We agree that the payments are not loans because we find no evidence that Mr. Starke intended to repay them at the time the payments were made. Although Mr. Starke incurred payroll deductions by Excel, he testified that he did not know why the amounts were being deducted. Further, there is no evidence of loan documents or any other document signed by Mr. Starke and a member of Excel memorializing a loan agreement. Even the 2005 letter from Excel’s accountants that set forth a repayment plan makes clear that Excel and its accountants did not consider the payments to be loans, instead characterizing them as advances.

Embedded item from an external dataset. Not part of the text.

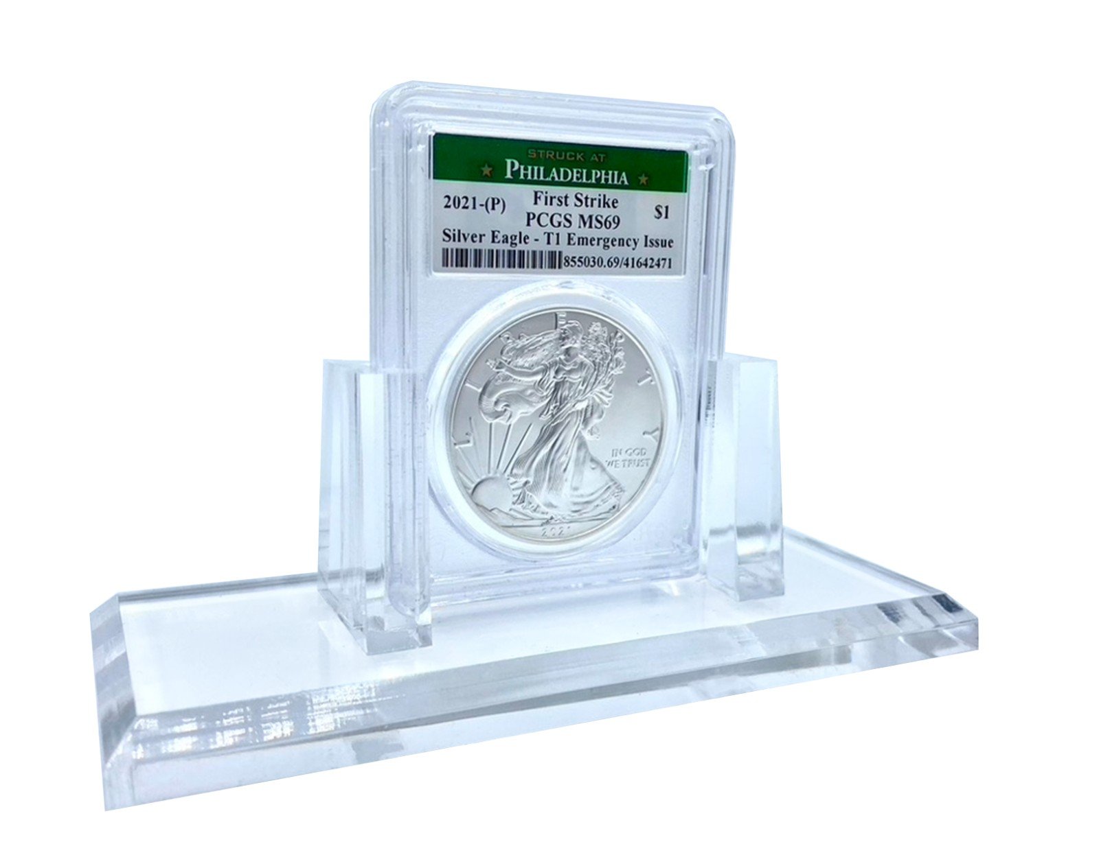The PCGS Graded Coin Display Stand for Slabs is a sleek and stylish way to showcase your prized graded coins. This display stand is specifically designed to hold PCGS slabs, which are commonly used for grading and encapsulating coins. It is made from high-quality acrylic, ensuring durability and longevity.

So the IRS wins, right? Not so fast:
Because we agree that the payments were not loans, we would ordinarily look to whether the payments are considered advances; however, whether the payments are advances is irrelevant in this case because all of the items recorded by Excel as advances or prepaid expenses were recorded for years that are not before the Court. According to Excel’s general ledgers, all of the payments were made before 2010. Because advances are taxable for the year in which they are paid, any advance would have been taxable for years that are not before us.
The advances all occurred prior to 2010, so the income was earned in the past–not 2010, not the year in question. Each tax year stands on its own. So Mr. Starke wins, and while the IRS won the arguments they lost the battle.